What does a Will accomplish?
A will is a writing, that if validly executed following the requirements of Florida law, can serve to designate a personal representative, name your desired beneficiaries to receive your property at death, name a guardian for any minor children at your death, and memorialize other planning such as burial and/or cremation requests. A Will does not, on its own, avoid probate. With regards to probate, the persons named in your Will as personal representative and beneficiaries will control over the automatic provisions provided for under Florida intestacy laws, but your assets will still be subject to the probate court proceedings. As a result, a Will is undoubtedly a cornerstone of an estate plan, however an advanced estate plan for the purpose of avoiding probate will involve some form of Trust planning.
What are Advance Directives?
Advance Directives control specifically which person(s) you desire to be appointed to handle your medical decisions, view your medical records, and who will be authorized to make financial transactions on your behalf in the event you become incapacitated. In the absence of these pre planning documents, the court will appoint someone on your behalf- generally someone with no relation to you who does not know anything about your family or your wishes. A guardianship will be established on your behalf which will manage your assets and control the disbursement of funds for your care, which can overall become costly and at times difficult to overcome even if you regain capacity.
When Should I Have my Estate Plan Reviewed?
The top 7 seven reasons that trigger a review and/or potential update to a family estate plan include, but are not limited to:
(1) A marriage or divorce involving yourself or a beneficiary;
(2) A birth in your family or death of a beneficiary, representative, agent or a key person named in your documents;
(3) An inheritance;
(4) A relocation, specifically a move to a different state;
(5) A change in the way you wish your property to be distributed;
(6) A significant change in your personal wealth or financial status;
(7) A significant change in the laws regarding income, estate and gift taxes or property transfer, trusts and probate.
Who Takes Care of My Children if I die or Become Incapacitated?
In the absence of advanced planning directing who should assume the care of your minor child(ren) in the event you become incapacitated or die, your child(ren) will be at the mercy of the Florida court system. Through estate planning, you can and should appoint a prospective guardian for your minor child(ren). There are several methods to do this such as through a testamentary instrument like a Will or by a declaration. The former only applies if you pass, but the latter protects your children if you become incapacitated. Florida law does establish some limitations as to who you can name as your prospective guardian such as disallowing convicted felons, restricting appointments to residency rules, as well as other conditions. Consult an attorney today to do some advanced guardianship planning and to ensure its validly drafted pursuant to Florida requirements and filed in the appropriate court.
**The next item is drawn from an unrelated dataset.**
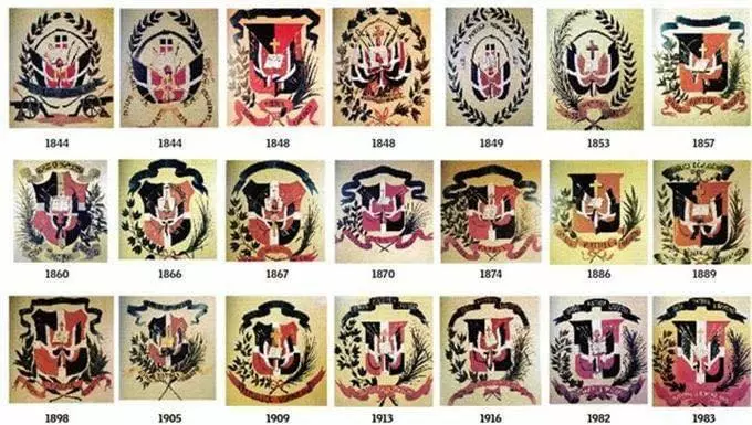Las constituciones de 1844, 1854, 1908, 1916, 1924, 1942, 1966 y 2010, al referirse al Escudo Nacional, coinciden en detallar que “las armas de la República Dominicana son: una cruz, a cuyo pie está abierto el libro de los Evangelios y ambos sobresalen de entre un trofeo de armas. Establecen, además que llevan en una cinta el lema: Dios, Patria y Libertad”, según el estudio de Miguel Estrella Gómez.

If I relocate to a different state is my Will still valid?
Generally speaking a Will that is validly executed in the originating state will be recognized by another state. However, Wills and the probating of Wills is governed by state law. Every state has different requirements, which may have implications on your out of state Will. For example, many states like Florida, require that the personal representative named in your Will be a resident of the state in which you are residing. You can see how this would create an issue if you move. With that said, a review by an attorney local to the state you relocate to is always recommended. It might just require a simple amendment to ensure its valid.